Their comments come despite comments over the weekend from senior Orangeman William Mawhinney, flanked by DUP politician Nelson McCausland, when he warned that protests in the area could result in “civil disobedience”.
Subsequently, senior DUP member Arlene Foster defended the right of people to protest but said they must be peaceful and warned everyone to remain within the law.
Mr McCausland said: “For 80 days people have protested in a way that is entirely peaceful and that’s the way it should remain.
“I commend them for the peacefulness of the protest and may that continue always in that same manner.”
Basil McCrea MLA, leader of NI21, said yesterday: “Despite six-and-a-half years of being in government, the DUP appears to be unable to jettison the politics of street protest.
“If things go wrong and turn to violence in the days ahead those that shared a platform with Mr Mawhinney must share the blame.”
West Belfast UPRG spokesman Isaac Andrews said there had been no threat of violence: “The only civil disobedience has been that bands have been playing music even though the parades commission restriction disallowed this two weeks ago.”
PUP spokesman Winston Irvine said that violence “will not be tolerated”.
Tommy Cheevers of the North and West Belfast Parades Forum said he had “no concerns at all” that there would be violence.
The Orange Order said it “remains committed to peacefully and resolutely maintaining the ongoing presence at Twaddell Avenue” until three lodges barred from completing their march on July 12 can proceed.
NI Conservatives’ co-chair Trevor Ringland said calls from a senior Belfast Orangeman to “upscale” protests in north Belfast were “irresponsible”.
“Really, at a time when traders and the law-abiding majority in Belfast are crying out for calm on the streets, this type of rhetoric is unhelpful,” said Mr Ringland.
“In fact, Mr Mawhinney is playing into the hands of republicans and Sinn Fein with his statement.
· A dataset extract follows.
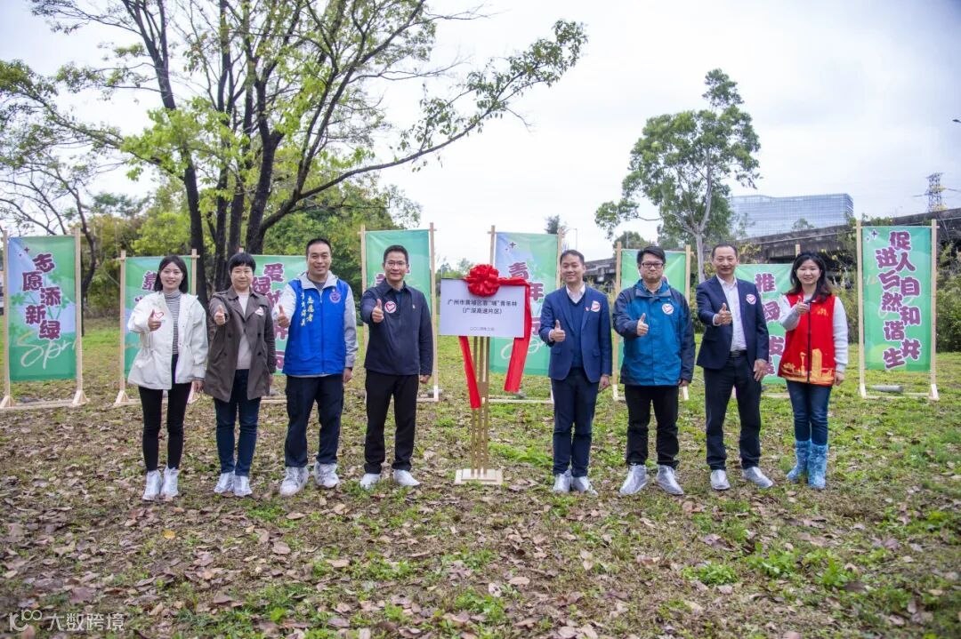 广深公司党委书记赵梓城与广州市志愿者指导中心、共青团广州市黄埔区委员会相关负责人联合为全省第570片青年林——靠“埔”青年林(广深高速片区)揭牌

I would urge the Orange Order to say something publicly to distance itself from the County Grand Secretary’s comments.”
He said it was “time for everyone who is involved to show cool heads and do everything possible to prevent further tensions”.
Loyalists associated with the Twaddell Avenue protest in north Belfast say that Sinn Fein calls for dialogue are spurious as they have been in talks for eight years together on the matter.
Isaac Andrews of the UPRG said: “We have been in dialogue here for eight years. We have given way on flags and certain bands they did not like, timing, music and have moved supporters on.”
PUP spokesman Winston Irvine said: “It suits the Sinn Fein agenda to call for dialogue and say Protestants will not talk.
“But the Parades Commission can verify talks have taken place for years.”
Tommy Cheevers of the North and West Belfast Parades Forum said: “Sinn Fein know the media are not aware of these talks so they put out statements calling for dialogue.”